Permissive Hypertension
For patients who are unable to receive the clot busting medication or clot retrieval procedure, neurology providers may recommend allowing their blood pressure to remain elevated to better perfuse the brain for a brief period of time.
Angioplasty & Stenting

Angioplasty, a procedure commonly used to open blocked coronary arteries, is also an option to return blood flow to the brain for some stroke patients.
In this procedure, an interventionist threads a catheter containing a balloon to the site of the blocked carotid artery, and then inflates the balloon to open the artery.
The interventionist may also place a stent, a tiny device made of metal mesh, at the site of the blockage to help prevent future blockages that could cause strokes.
Learn more about WakeMed's vascular surgery options.
Hemorrhagic Stroke Care
Brain Bleed
- Aneurysm coiling/clipping
- Blood pressure control and blood thinner reversal
- These measures are taken immediately upon identification of a brain bleed to attempt prevention of increased bleeding.
- Neurosurgical services
Primary and Secondary Prevention
- Depending on your health history and brain imaging results, you may be prescribed medications to prevent a future stroke. If you are prescribed these medications, it is critical to fill the prescriptions and take them as ordered to reduce your risk of stroke.
- Here are example medications:
- Anticoagulants (blood thinners)
- Antiplatelets
- Antihypertensives (blood pressure medications)
- Statins
Stroke Vagus Nerve Stimulation (VNS) Rehabilitation
Stroke Vagus Nerve Stimulation (VNS) Rehab is an innovative therapy that pairs a small, implanted device with occupational therapy to help stroke survivors improve hand and arm function. By stimulating the brain through the vagus nerve, it helps create new neural pathways that support motor recovery — even years after a stroke. This combined approach can lead to significantly greater functional gains and improved independence compared to therapy alone.
Acute Stroke Quality Metrics

This chart shows the percentage of patients who arrive within two hours of their “Last Known Well”, or stroke symptom onset, and receive the clot busting medication within three hours of their Last Known Well. WakeMed consistently performs above Peer Hospitals nationwide.
The “Last Known Well” is a critical timeframe that the care team uses to determine stroke onset and treatment eligibility, as the clot busting medication (thrombolytic) can only be used within 4.5 hours of stroke onset.
In 2025, 79 percent of ischemic stroke patients who arrived to the hospital within 4.5 hours of stroke symptom onset and received Tenecteplase were able to either discharge home or to Inpatient Rehab.

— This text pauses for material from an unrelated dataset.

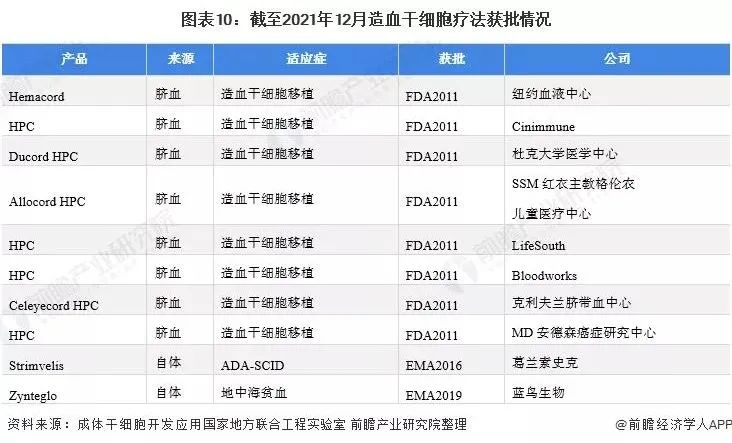 目前獲批的造血干細(xì)胞療法是10種,包括 FDA的8種臍血產(chǎn)品和EMA批準(zhǔn)的2種自體造血干細(xì)胞基因療法,Strimvelis用于腺苷脫氨酶缺乏癥(ADA-SCID),Zynteglo用于治療輸血依賴性地中海貧血癥。

Every minute counts when it comes to stroke, and it is critical for our patients to have emergent access to treatment to save as much brain tissue as possible. The AHA recommends that patients arriving in the Emergency Department with stroke receive a thrombectomy within 90 minutes of their arrival time. WakeMed continues to improve our times and increase patient access to this care.
Patients with large strokes have historically required discharge to skilled nursing facilities after their hospital stay. This has changed dramatically in the past decade thanks to the availability of thrombectomies (clot-retrieval) that allow specialized teams to remove the clot from your brain.
Telestroke
In addition to these treatments, WakeMed offers an innovative Telestroke program to support stroke patients at hospitals with less medical access, thereby making them stroke capable. The program is a form of telemedicine, providing patients with enhanced in-house stroke care and 24-hour access to stroke neurologists.

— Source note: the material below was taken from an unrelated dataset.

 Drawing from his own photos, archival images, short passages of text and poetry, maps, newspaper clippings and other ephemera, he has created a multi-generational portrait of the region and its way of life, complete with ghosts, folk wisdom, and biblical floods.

Using Telestroke system carts and a two-way live video, audio and image sharing system, consulting stroke neurologists can evaluate a remote patient in real time to diagnose a stroke and determine the best course of action. Patients also receive streamlined access to WakeMed for advanced and post-stroke care.
If you think you or someone you’re with is having a stroke, call 911 and get to your closest emergency department. The faster the treatment, the better the chances for a full recovery and return to normal life.